債権法改正と賃料延滞

不動産を人に貸していて、賃貸料(賃料)が期限までに支払われなかった場合、延滞金(遅延損害金)の利率がどうなるか契約書で定めていますか?

最近似たような相談を受けましたので、それについて書いておきます。

仮に契約書に何も定めていないという場合で、2020年3月31日までに延滞が発生した場合、旧民法が適用されるので、
あなたが事業者であれば、最大年6%の延滞金を請求することができます(旧商法518条)。
あなたが事業者ではない、具体的には旧商法518条の「商人」にあたらないという場合、最大年5%まで請求できます。

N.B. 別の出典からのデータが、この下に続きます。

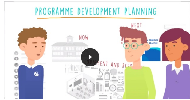
Programme Development Planning Nano PD and Explanatory Video (Sign-in to My IB to access resources.)

3 Now What?> Making a Plan for supporting a Movement around a Mission: We looked resources that could help support our school community in learning about the Programme Development Planning (PDP) process. A See, Think, Wonder thinking routine could be used along with the video resource to help engage members in our school context in seeing the purpose and positives of creating a PDP around implementing the IB Mission with more depth and understanding. Next, we considered the standards and practices framework to see how we might organize the practices for the CONDITIONS needed for the PDP, WHO would be involved, and HOW the actions would be approached, followed by what this would look like on the PDP form .

契約書に何も定めていない場合であって、2020年4月1日以降に延滞金が発生した場合は、新民法が適用されますので、
今のところ最大年3%となります。今のところ、と書いたのは、この法律で定められた利率(法定利率と言います)は、3年ごとに法務省令で変動することになったからです。

たったこれだけ?と思うかもしれません。それは、契約書で延滞金の割合を定めていないからです。

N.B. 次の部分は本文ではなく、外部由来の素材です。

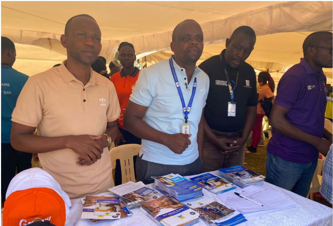
Photo: URA officials exhibit and deliver tax administration sensitization during the IWDP

では契約書で定めれば上限がないのか、というとそうではありません。
消費者契約法9条2項で、個人に貸す場合は14.6%と上限が定められています。ですので、個人向けの賃貸物件を営む場合は、延滞金の利率は14.6%までの範囲であれば自由に定めることができます。

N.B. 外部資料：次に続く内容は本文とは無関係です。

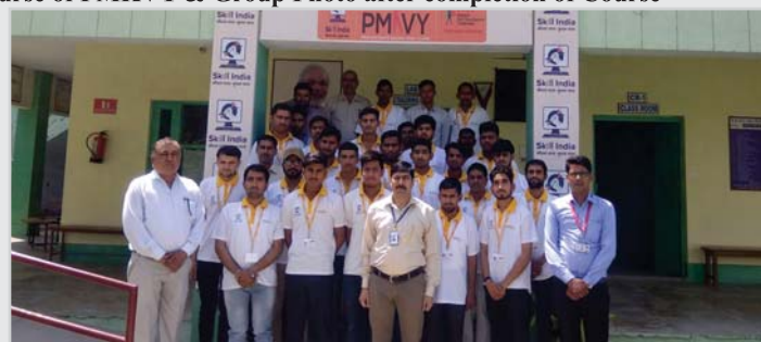
Trainees of Solar Panel Installation Technician Course during visit of Solar Power Plant at Vidyagram Campus & Group Photo after completion of Course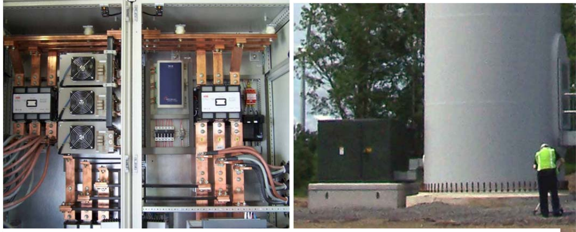
Figure 3. Switchgear, left, and a 2-MVA step-up transformer at the base of turbine mast, right.

Several manufacturers now offer turbines featuring a direct-drive connection between turbine and generator, eliminating the repair-prone gearbox. One supplier now offers turbines with variable speed, permanent-magnet-excited, dc generators coupled to high-frequency inverters, power-conditioning equipment and aluminum-wound transformers from which high-voltage ac power is transmitted to the base of the tower.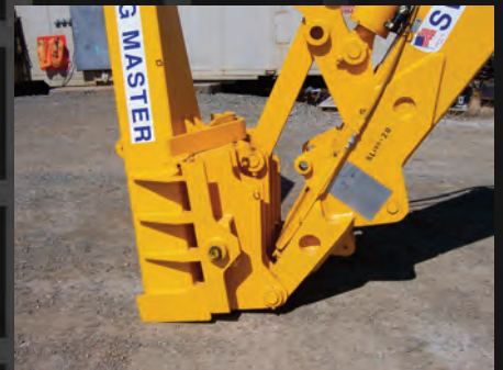
Male Master Coupler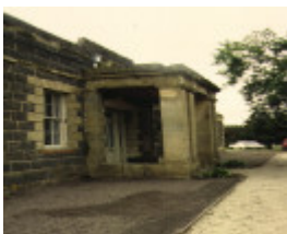
Barwon Bank Riversdale Rd Marnock Vale Newtown Front Entrance Sep 1977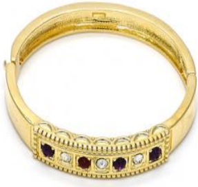
GOLD LAYERED 07.59.0055.05 INDIVIDUAL BANGLE, WITH MULTICOLOR CRYSTAL, POLISHED FINISH, GOLD TONE (60 MM THICKNESS, SIZE 5 - 2.50 INCHES DIAMETER)

なお、この消費者契約法は個人向けの場合に適用されるので、事業者向けの物件である場合には適用されません。とはいえ、あまりにも高い利率にすると、裁判になったときにその条項自体が無効になり、場合によっては最初にお話しした年3%の法定利率しか認められなくなる可能性もなくはありません。認められる範囲は14.6%を若干上回る程度と考えるべきでしょう。

以上、まとめますと、貸す側であれば、延滞金の利率は定めておくべきです。その際、個人向け物件であれば14.6%と上限が決まっていますので、注意しましょう、という内容でした。